Task item
Reproduction of part of the material below, pictures omitted: copy exactly, and only, the lines starting with the one with "2015-2016学年第二学期沧州市六年级语文试卷(冀教版)【10】" and going on through the one with "MARCO MAZZINI Camel".
===============
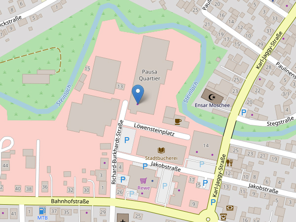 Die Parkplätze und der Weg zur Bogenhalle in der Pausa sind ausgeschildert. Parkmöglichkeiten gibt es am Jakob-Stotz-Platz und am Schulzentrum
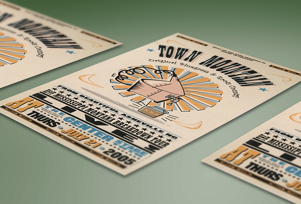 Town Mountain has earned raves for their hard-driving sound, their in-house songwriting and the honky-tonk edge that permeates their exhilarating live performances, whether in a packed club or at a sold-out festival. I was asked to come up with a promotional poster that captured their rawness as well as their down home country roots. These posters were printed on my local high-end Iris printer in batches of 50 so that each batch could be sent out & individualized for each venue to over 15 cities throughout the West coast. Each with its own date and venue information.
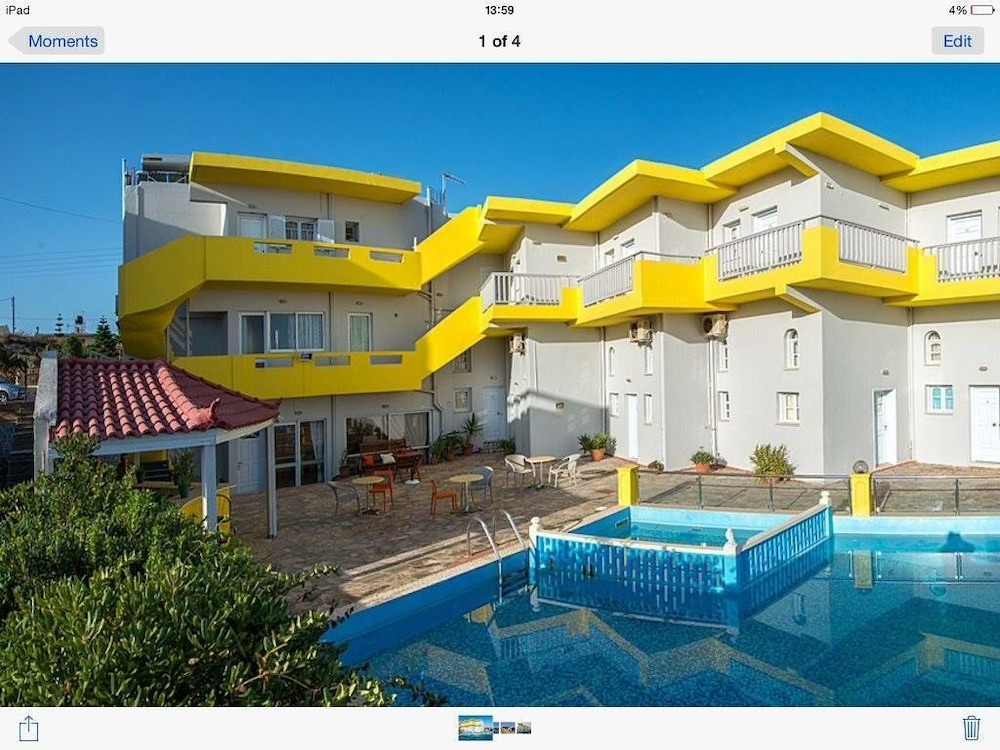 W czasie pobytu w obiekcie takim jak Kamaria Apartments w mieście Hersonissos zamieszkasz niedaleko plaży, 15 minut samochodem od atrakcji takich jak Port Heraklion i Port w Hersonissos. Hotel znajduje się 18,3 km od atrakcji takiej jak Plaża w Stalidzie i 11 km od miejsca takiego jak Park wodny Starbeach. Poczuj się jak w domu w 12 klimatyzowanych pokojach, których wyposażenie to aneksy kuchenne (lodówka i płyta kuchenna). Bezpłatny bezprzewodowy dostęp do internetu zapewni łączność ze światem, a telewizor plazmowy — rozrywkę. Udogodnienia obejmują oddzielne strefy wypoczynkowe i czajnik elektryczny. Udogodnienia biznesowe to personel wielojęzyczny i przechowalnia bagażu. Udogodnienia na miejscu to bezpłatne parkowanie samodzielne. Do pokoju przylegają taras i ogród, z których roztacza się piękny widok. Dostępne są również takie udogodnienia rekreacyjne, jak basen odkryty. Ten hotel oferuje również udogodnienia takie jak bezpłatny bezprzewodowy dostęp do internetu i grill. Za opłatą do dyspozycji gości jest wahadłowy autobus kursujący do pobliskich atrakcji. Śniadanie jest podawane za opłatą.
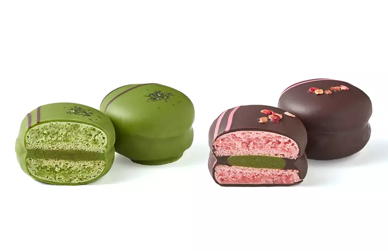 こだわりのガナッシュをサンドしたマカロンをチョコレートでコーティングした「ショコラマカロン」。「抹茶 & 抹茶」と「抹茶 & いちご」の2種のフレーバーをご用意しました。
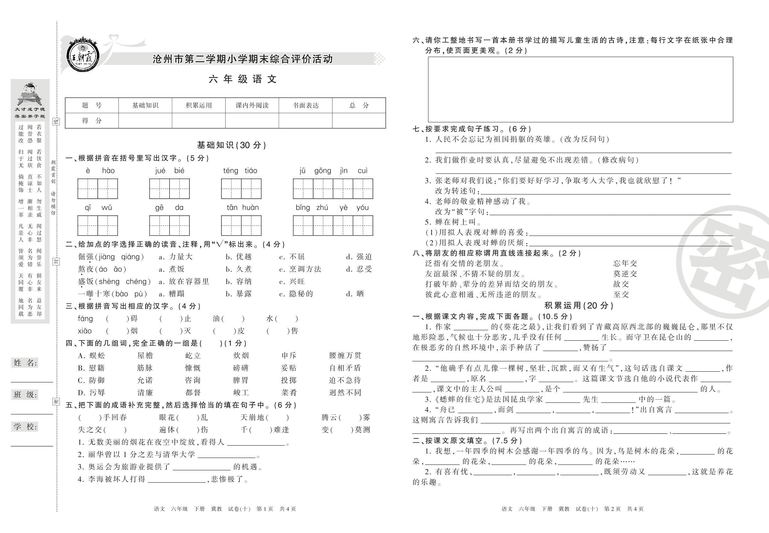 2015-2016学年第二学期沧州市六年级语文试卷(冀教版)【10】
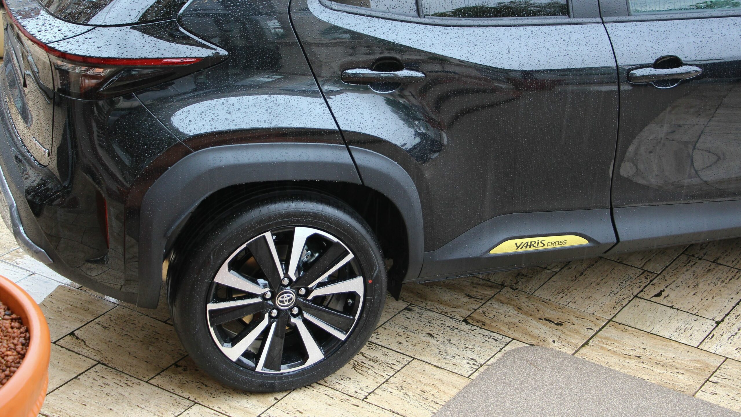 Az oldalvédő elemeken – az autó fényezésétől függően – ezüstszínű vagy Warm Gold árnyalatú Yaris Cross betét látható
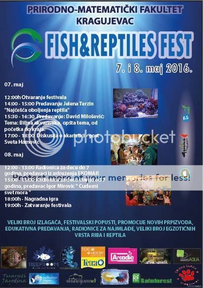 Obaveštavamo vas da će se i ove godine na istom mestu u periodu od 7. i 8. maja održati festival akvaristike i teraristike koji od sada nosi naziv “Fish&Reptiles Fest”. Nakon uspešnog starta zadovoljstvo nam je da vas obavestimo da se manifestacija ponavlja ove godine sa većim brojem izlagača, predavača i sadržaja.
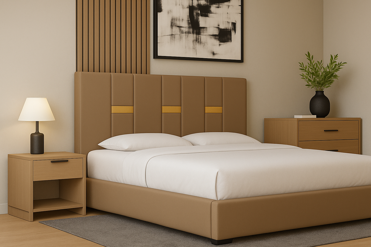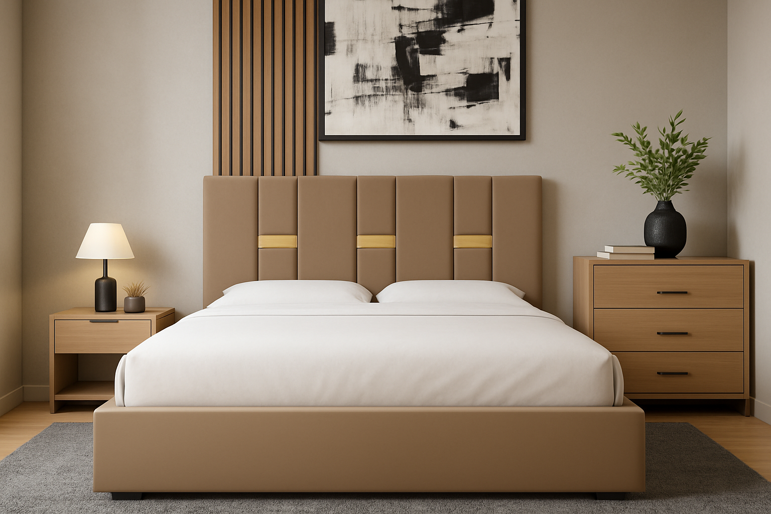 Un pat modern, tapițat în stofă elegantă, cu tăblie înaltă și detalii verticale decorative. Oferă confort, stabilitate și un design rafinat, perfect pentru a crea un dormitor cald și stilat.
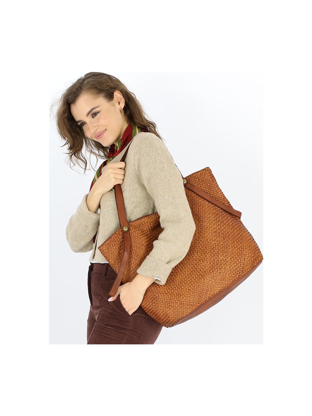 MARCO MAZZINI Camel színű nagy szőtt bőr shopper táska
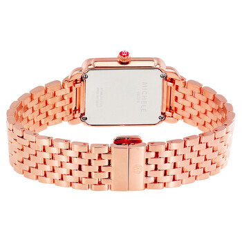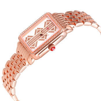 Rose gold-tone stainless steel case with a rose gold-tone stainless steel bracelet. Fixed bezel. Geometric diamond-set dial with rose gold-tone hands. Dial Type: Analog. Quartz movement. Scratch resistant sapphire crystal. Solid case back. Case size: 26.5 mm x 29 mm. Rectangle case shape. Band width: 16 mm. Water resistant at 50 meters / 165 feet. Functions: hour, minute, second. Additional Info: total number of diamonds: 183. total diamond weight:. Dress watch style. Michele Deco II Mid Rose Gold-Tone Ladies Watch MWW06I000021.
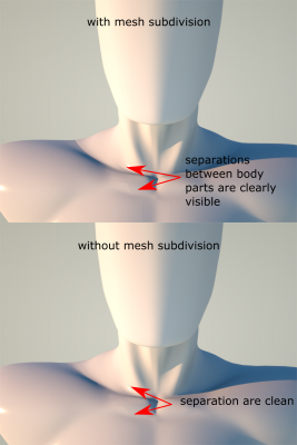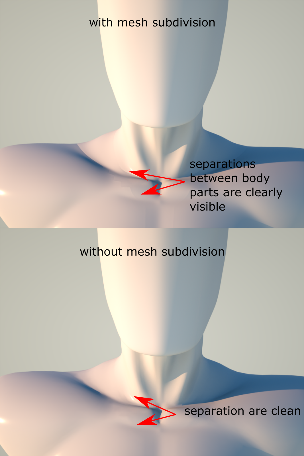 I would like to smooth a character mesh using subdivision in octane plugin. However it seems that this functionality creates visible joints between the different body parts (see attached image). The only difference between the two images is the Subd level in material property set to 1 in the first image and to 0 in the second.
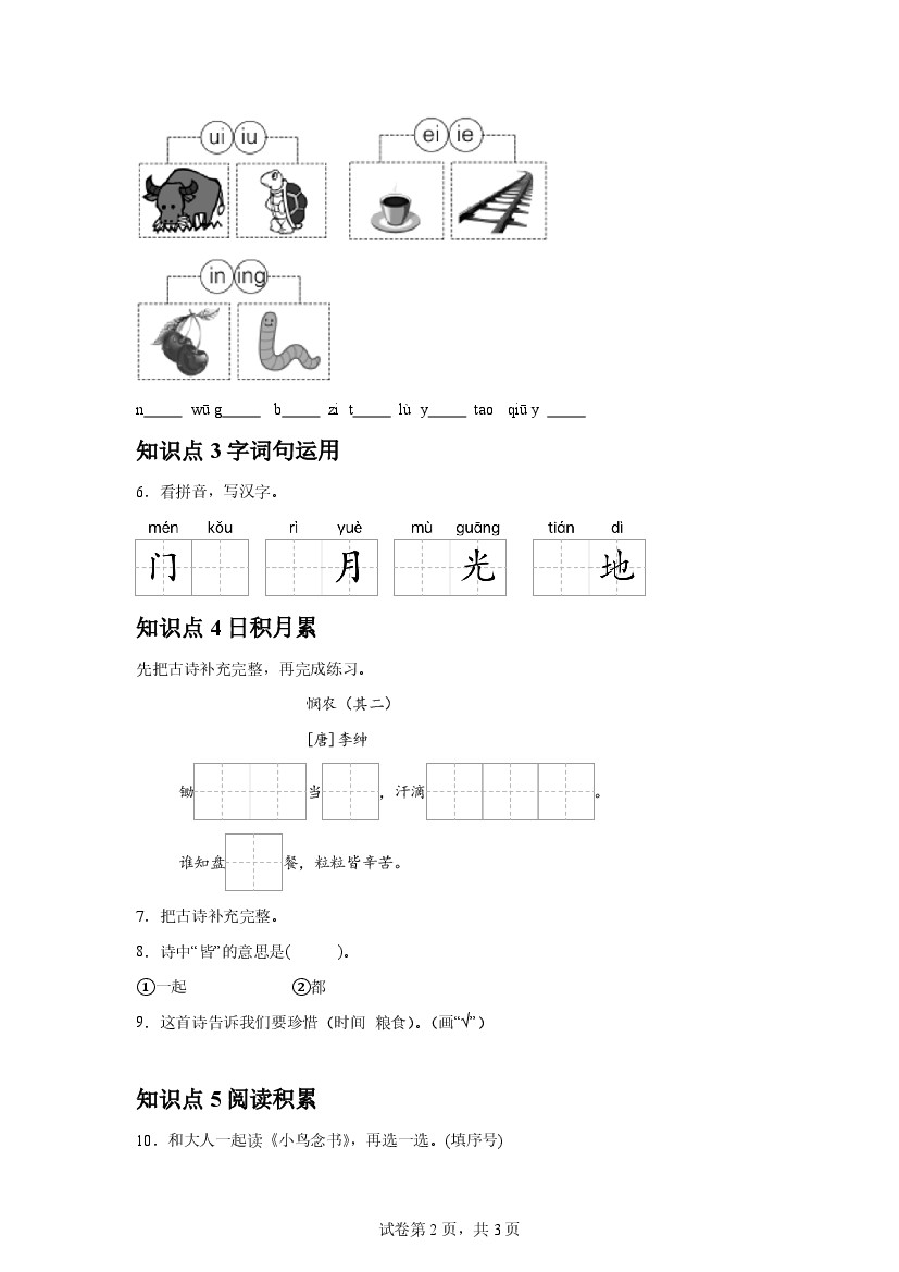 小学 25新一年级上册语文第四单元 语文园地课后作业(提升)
===============
Solution
 2015-2016学年第二学期沧州市六年级语文试卷(冀教版)【10】
 Az oldalvédő elemeken – az autó fényezésétől függően – ezüstszínű vagy Warm Gold árnyalatú Yaris Cross betét látható
 Obaveštavamo vas da će se i ove godine na istom mestu u periodu od 7. i 8. maja održati festival akvaristike i teraristike koji od sada nosi naziv “Fish&Reptiles Fest”. Nakon uspešnog starta zadovoljstvo nam je da vas obavestimo da se manifestacija ponavlja ove godine sa većim brojem izlagača, predavača i sadržaja.
 Un pat modern, tapițat în stofă elegantă, cu tăblie înaltă și detalii verticale decorative. Oferă confort, stabilitate și un design rafinat, perfect pentru a crea un dormitor cald și stilat.
 MARCO MAZZINI Camel színű nagy szőtt bőr shopper táska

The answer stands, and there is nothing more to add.